When I try to open the Network window from the GO drop down menu in the Finder, the window flashes on the screen briefly and disappears.

If I open any Finder window and choose Network from the Sidebar, the Network window opens properly and I can choose to access the other computer in the house.  

This happens on either computer - the Quicksilver G4 and the iBook 1.42 G4.  Both running 10.4.3.  Quicksilver is wired to the AirPort Extreme >> Modem.  iBook is connected via wifi.

Any ideas why the Finder window disappears?


----------



## LouisM (Feb 26, 2008)

I'm having this same problem exactly, with a G5 and now a G4 recently added, both running Tiger 10.4.11, both hardwired to Netgear router. The G4 sees the network via the go menu, but on the G5 Go menu, the network window flashes then disappears. using the sidebar is OK. I know I'm 2 years late, but did you find a reason?


----------



## popularmac (Oct 9, 2008)

when you go to the menu under go and you select network nothing happens....
well the fix is as follows:
Go to your Hard Drive -> Users -> UserName -> Library -> Preferences -> com.apple.finder.plist
Take the com.apple.finder.plist file and place it in the trash.
Restart your computer and your problem should go away.


----------



## maclix (Dec 28, 2010)

popularmac said:


> when you go to the menu under go and you select network nothing happens....
> well the fix is as follows:
> Go to your Hard Drive -> Users -> UserName -> Library -> Preferences -> com.apple.finder.plist
> Take the com.apple.finder.plist file and place it in the trash.
> Restart your computer and your problem should go away.

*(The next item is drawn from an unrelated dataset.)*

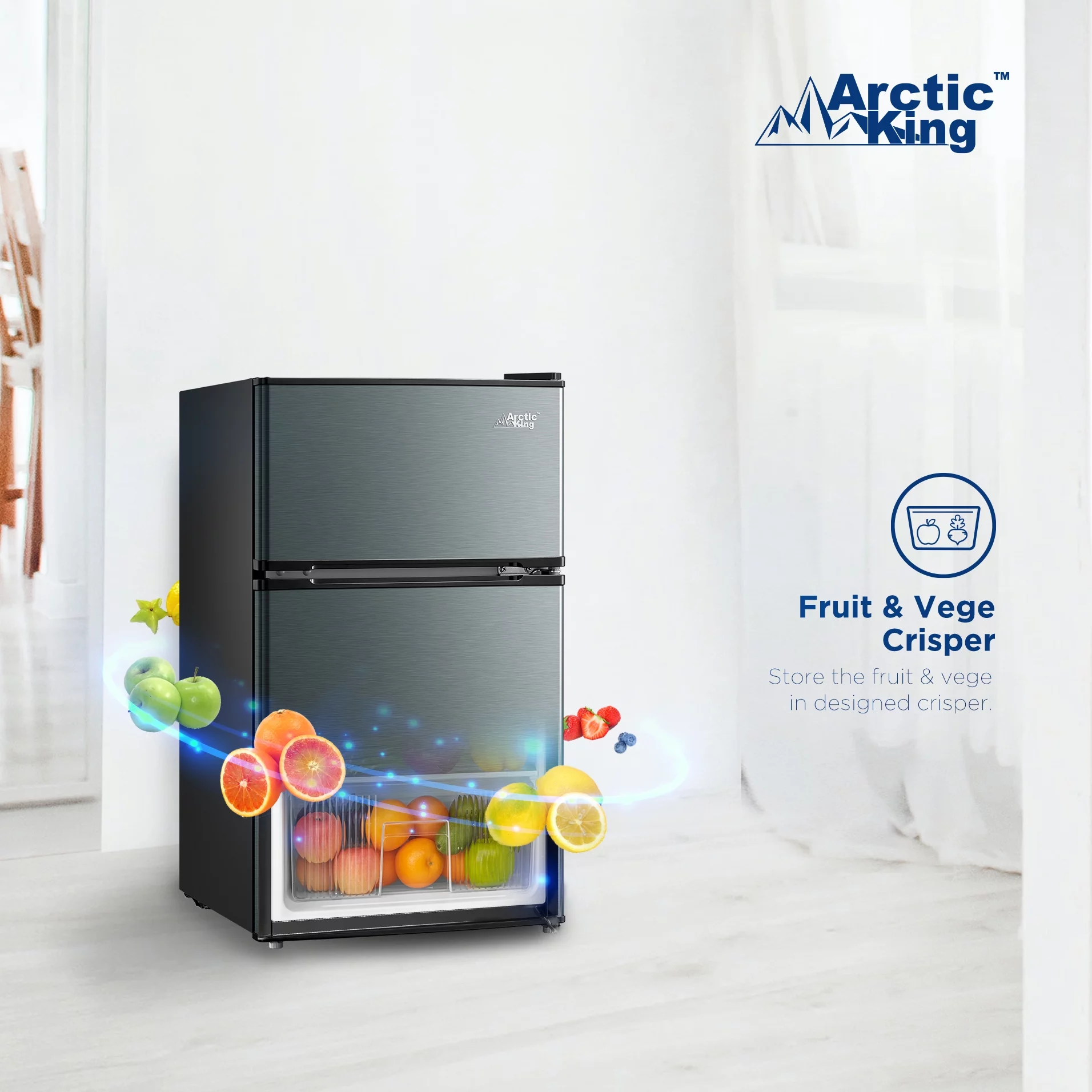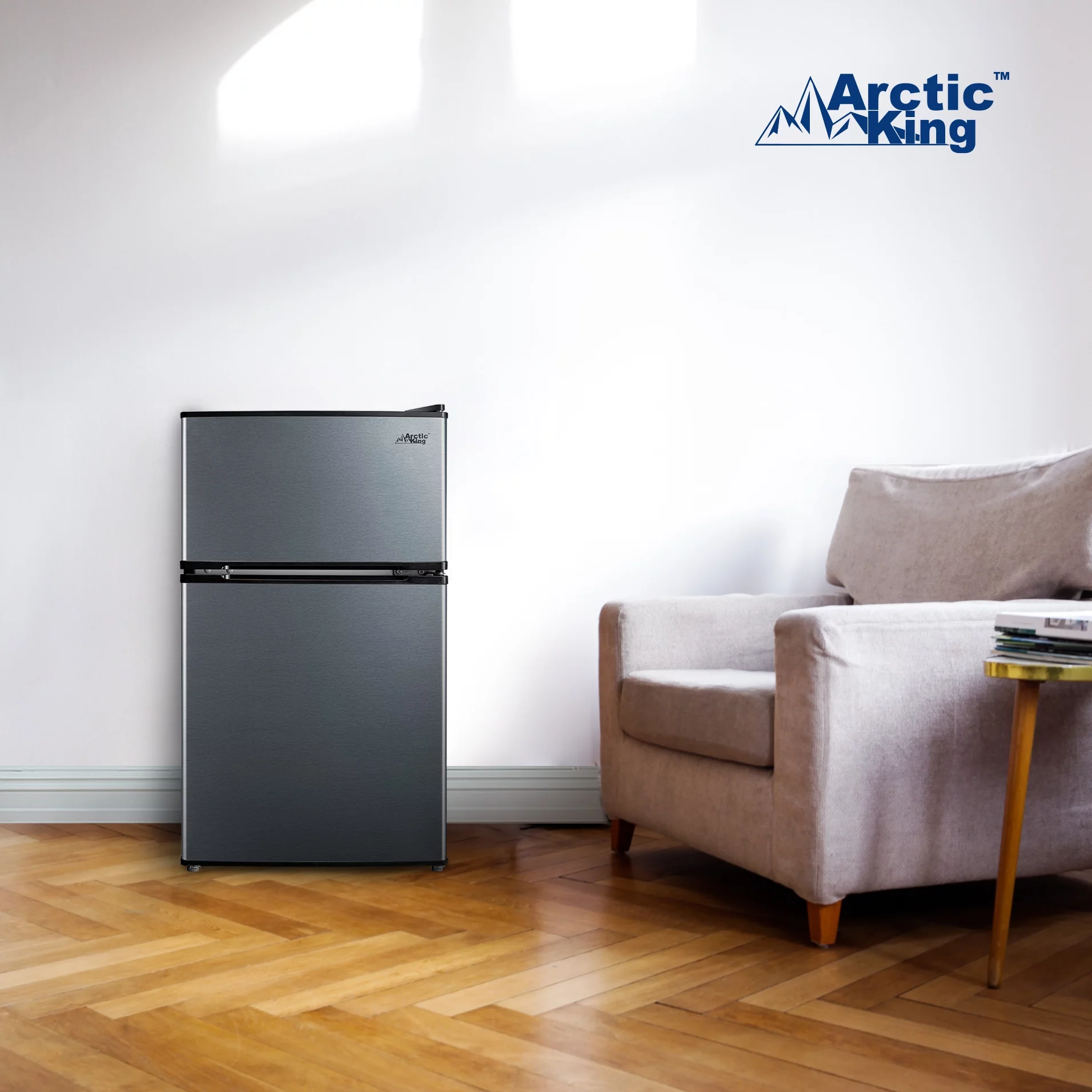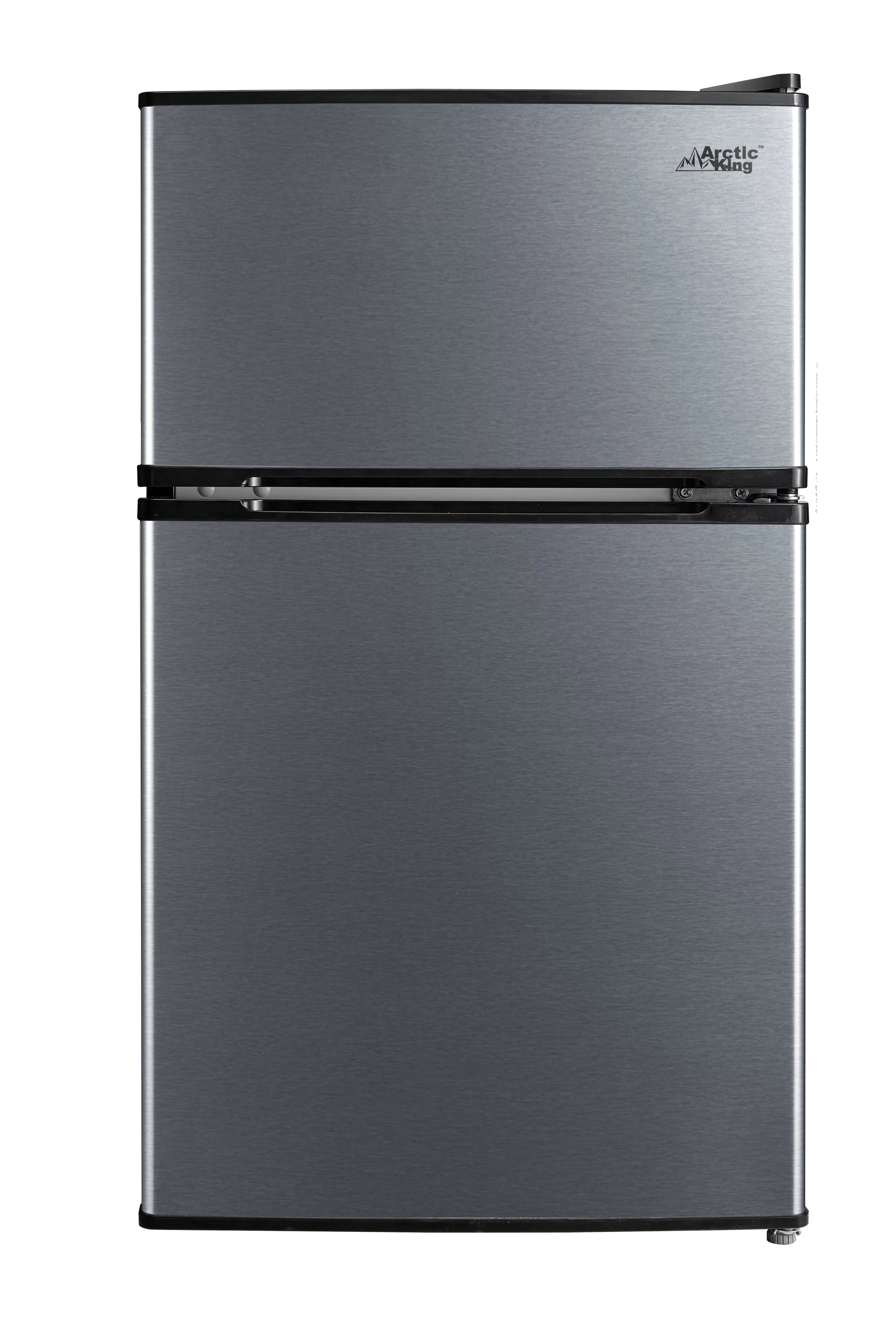 Arctic King 3.2 Cu ft Two Door Compact Refrigerator with Freezer, Stainless Steel, E-star

Thank You so much popularmac! All day I am trying to figure out why I don't have the 'connect to server' command in my Go Menu. Impossible to test the network that I am setting with my new PC in the other house. After deleting the preference file, and relaunching the Finder (You don't have to restart the machine but You can simply relaunch the Finder through the Force to Exit command in the Apple menu), the command that was lost is back! Great!


----------